REGISTA Troppo complicato.
MOGLIE Che cosa sono io? Contessa? Sedotta? C'è giù il taxi,
andiamo Crimilde. (Al Poeta) Viene anche lei?
POETA La mia parola è data. Andiamo, Ofelia.
SCRITTORE Sciagurato, ma è tua figlia!
POETA Andiamo, Antigone. Praticamente qui finisce la mia col-
laborazione. Voi due seguitate. E speriamo che vi venga
qualche buona idea. Addio. (Esce.)
CAMERIERA Io... ho veramente una voglia di vino rosso. (Esce.)

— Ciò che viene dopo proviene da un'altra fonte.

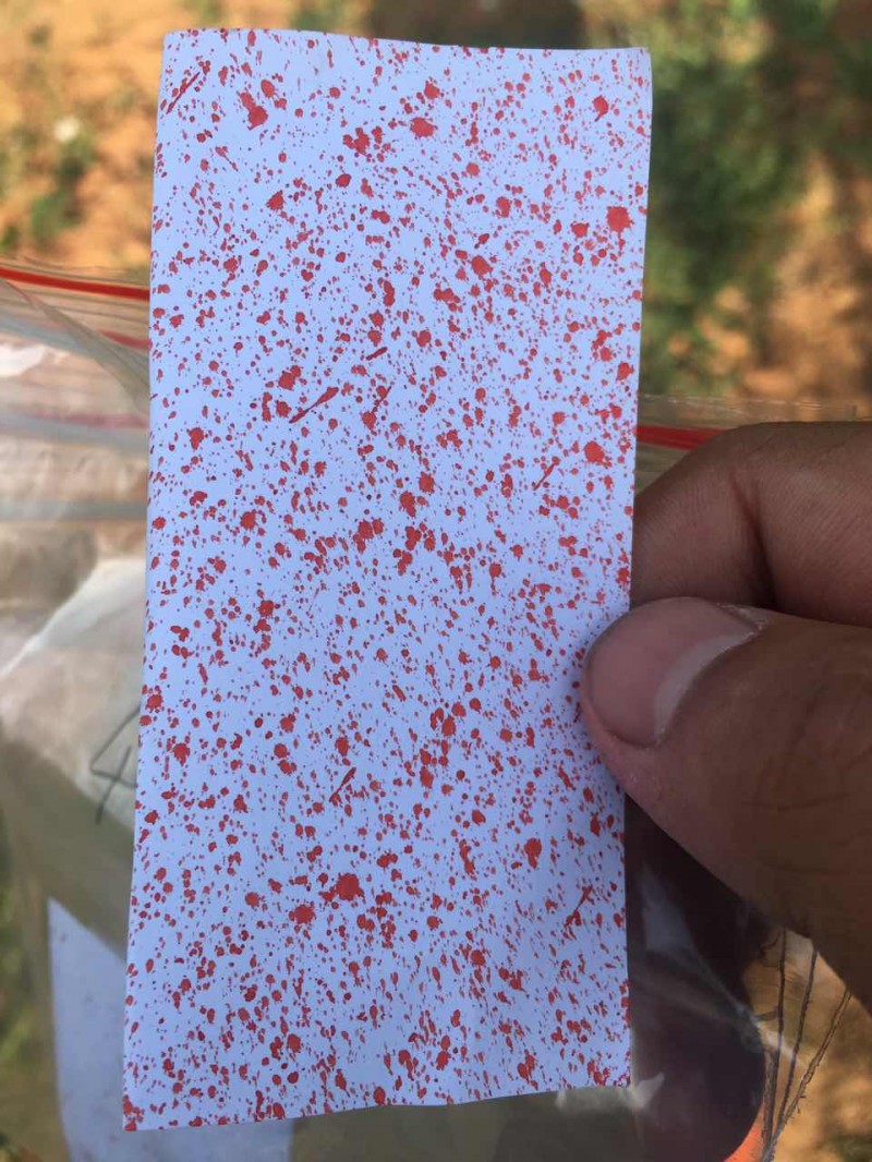 当天有5级风,测试纸布置了上中下三层,水星一号单旋翼向下风场大,有力量,抗风性强,对作物的穿透力强。不仅能覆盖每一株果树,树冠下方,叶子的正反面也全部能受药,而且雾滴密集均匀。

S'ode il fischio lontano di un treno.

MOGLIE Il treno! Sentite? (Esce.)

Lo Scrittore prende un libro a caso, il Regista fuma.

SCRITTORE Non si ama invano il teatro di una volta.


REGISTA (ha un singulto di vomito) Buaaaaà.
SCRITTORE Senti! (Legge) "Quando qualcuno lo invita, lui ver-
sa il brodo nella schiena della padrona di casa, bacia la
cameriera e corre fuori a mettersi nella cuccia del cane.
Ma l'ha fatto troppe volte." Sembra lui.
REGISTA Chi è? (Prende il libro.) Fitzgerald. L'età del jazz. Il
jazz... Si potrebbe... (Ha un singulto) Buaaà.
SCRITTORE Ho qui qualche altro appunto.

Squilla il telefono.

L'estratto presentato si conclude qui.